Council At Odds Over Marriage License Tests
Thursday, May 29, 2008
What started out as a proposal to require people applying for marriage licenses to be tested for HIV has turned into a proposal to throw out that idea, abolish a current test for syphilis and end an archaic rule that prohibited "lunatics" and "idiots" from marrying.
The Safe Marriage Amendment Act was proposed in December by council members Yvette M. Alexander (D-Ward 7), Marion Barry (D-Ward 8) and Harry Thomas Jr. (D-Ward 5). Council members Phil Mendelson (D-At Large) and Tommy Wells (D-Ward 6) were co-sponsors.
Under the proposed legislation, the city would add a test for HIV-AIDS to the already required syphilis test.
The bill also encourages potential brides and grooms to get premarital counseling. Those who get counseling would pay $35 for a license instead of $65. It sounded good: knowing that your potential life partner does not have a disease and agrees to get counseling on how to be a good spouse.
But then came the small issues of privacy and liberty.
It turns out that nearly every state in the country has thrown out such rules. Although there are some states that encourage premarital education, there are only two states checking blood: Montana for rubella and Mississippi for syphilis.
The D.C. bill has been making its way through the Committee on Public Safety and the Judiciary, headed by Mendelson, who is now recommending abandoning the HIV and syphilis tests.
He also introduced an amendment to repeal a section of the law that prohibits "marriage of an idiot or of a person adjudged to be a lunatic."

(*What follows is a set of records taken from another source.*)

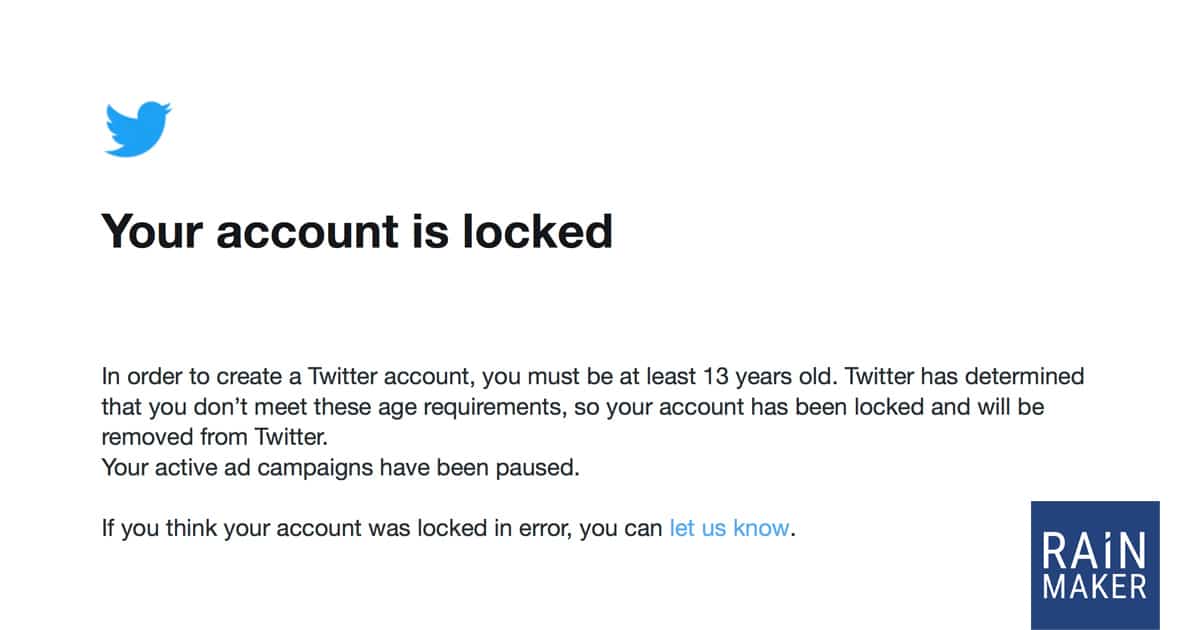 Twitter ได้มอบของขวัญวันเกิดปีที่ 20 ให้กับทุกคนด้วยการล็อกบัญชี Twitter พร้อมบอกว่าจะทำการลบบัญชีผู้ใช้นั้น เป็นเวลาหนึ่งอาทิตย์แล้วนับตั้งแต่หลายคนเจอปัญหา โดน Twitter ล็อกบัญชีเนื่องจากโดน Twitter ตรวจพบว่าทำการสมัครเข้ามาใช้งาน Twitter ก่อนจะมีอายุครบ 13 ปี
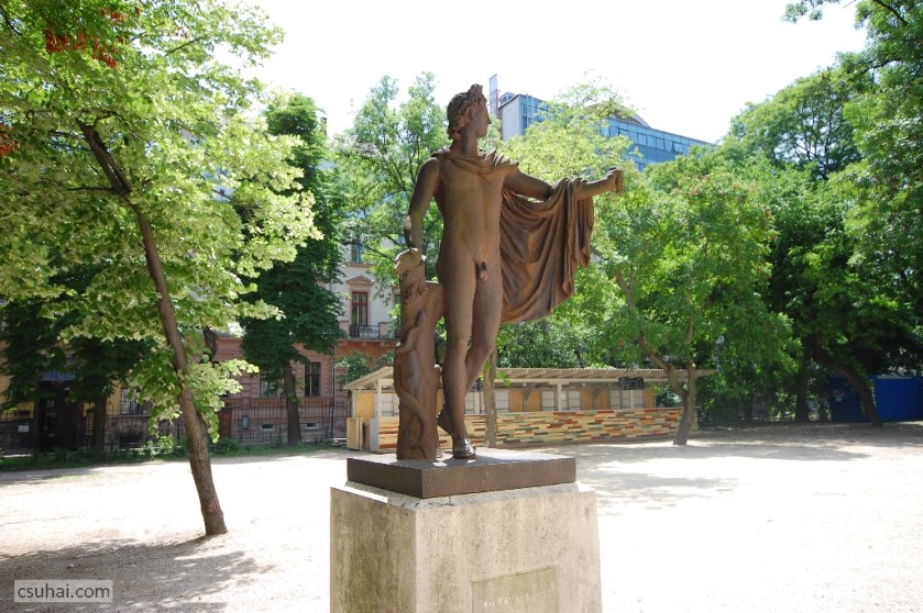 hogy kénytelen vagyok rögtön idetenni egy igazi klasszikus figurális vasszobrot is, a Vatikáni Múzeumból közismert márvány Belvederei Apolló a budapesti Múzeumkertben álló, a bejegyzés írásának pillanatában a kert felújítása miatt ugyancsak nem látható vas másolatát.
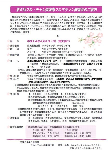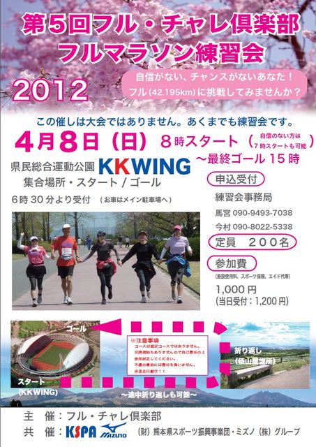 「第5回フル・チャレ倶楽部フルマラソン練習会」 今年で第5回目のフルチャレ コンセプトはこれからフルマラソンを目指す仲間のために! タイム測定がある訳ではなく、スピードを競うものではありませんが、熊本のいろんなクラブが集って大勢で42km楽しく練習しましょうという企画です。交通規制などないただの練習会ですが、簡単なエイドや距離表示などがあります。 コース:KKウイングスタート〜国体道路〜空港滑走路横の道〜西原セブン〜萌の里〜俵山→同じ道を折り返してKKウイングゴール 去年までとの変更点 ・KKウイングスタ
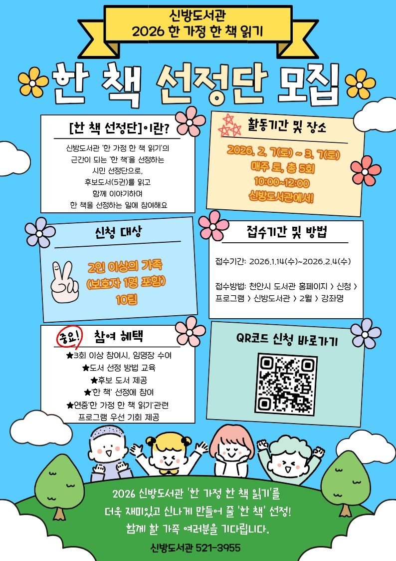 [충청25시] 천안시 신방도서관은 ‘한 책 선정단’참여 가족을 모집한다고 20일 밝혔다.
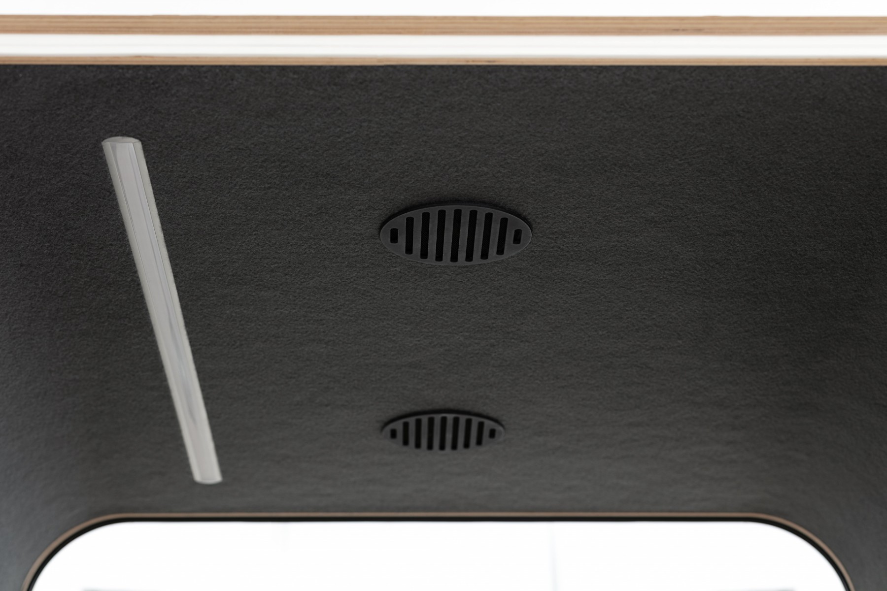 Let the booth help clear your mind. The sophisticated ventilation system is automatically switched on by a sensor after users enter the booth, and switched off after exiting. The ventilation technology is fully soundproof as fresh air flows into the booth.
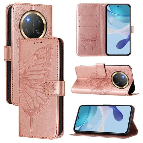 Funda de Cuero con Mariposas en Relieve para Honor X9C 5G (Oro Rosa)
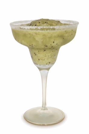 Em um liquidificador, colocar as frutas congeladas e o gelo. Bater essa mistura na menor velocidade, até triturar bem a mistura.
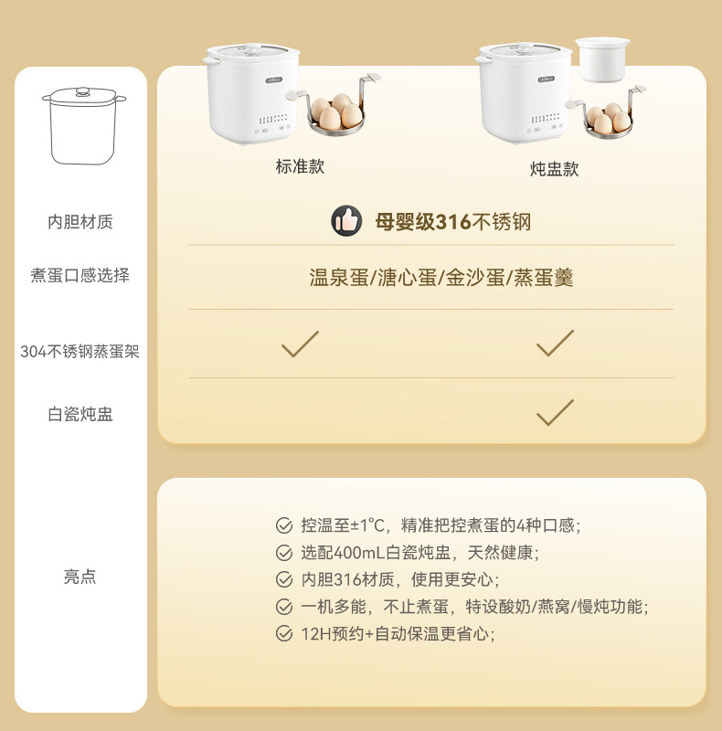 정품 현장 다채로운 징글 홈 소형 스테인레스 스틸 다기능 계란찜기 자동 전원 끄기 새로운 스타일
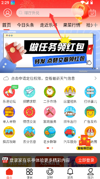 1、首页顶部的放大镜,像一位社区万事通,直接输入关键词就能快速打听到周围的一切新鲜事。
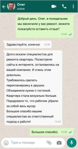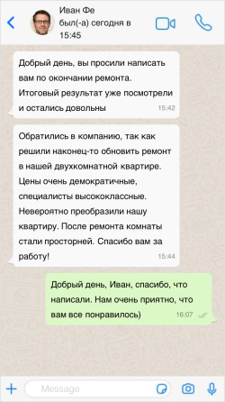 Клиент сможет оплатить ремонт наличным или безналичным расчётом. Вносить оплату нужно поэтапно. Количество этапов указано в документе. Сделать ремонт зала, кухни, спальни, ванной комнаты и туалета по приемлемой цене просто, достаточно обратиться в нашу компанию.
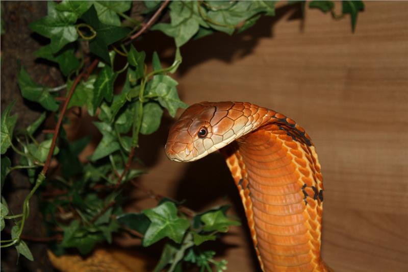 Zu sehen ist auch die Königskobra: Mit ihren bis zu fünfeinhalb Metern ist sie die längste Giftschlange der Welt, zudem eine der intelligentesten; eine Dosis ihres Giftes tötet bis zu 250.000 Mäusen oder 40 erwachsene Personen, unter Umständen auch einen Elefanten; diese aus Asien stammende Schlangenart ernährt sich ausschließlich von anderen Schlangen.

Council Chairman Vincent C. Gray (D) said he thought such language had already been removed by legislation he had sponsored earlier. "The language was incredibly offensive," Gray said.
On Tuesday, the Committee of the Whole accepted the public safety committee's report with the recommendations.
But Alexander said she stands behind the original bill. "Accepting the report is not necessarily accepting those amendments," she said.
An HIV-AIDS test could save lives, she said. "You may still marry that person," she said. "I think it is for both of you to take. . . . Especially with the epidemic in the District, we would set a precedent."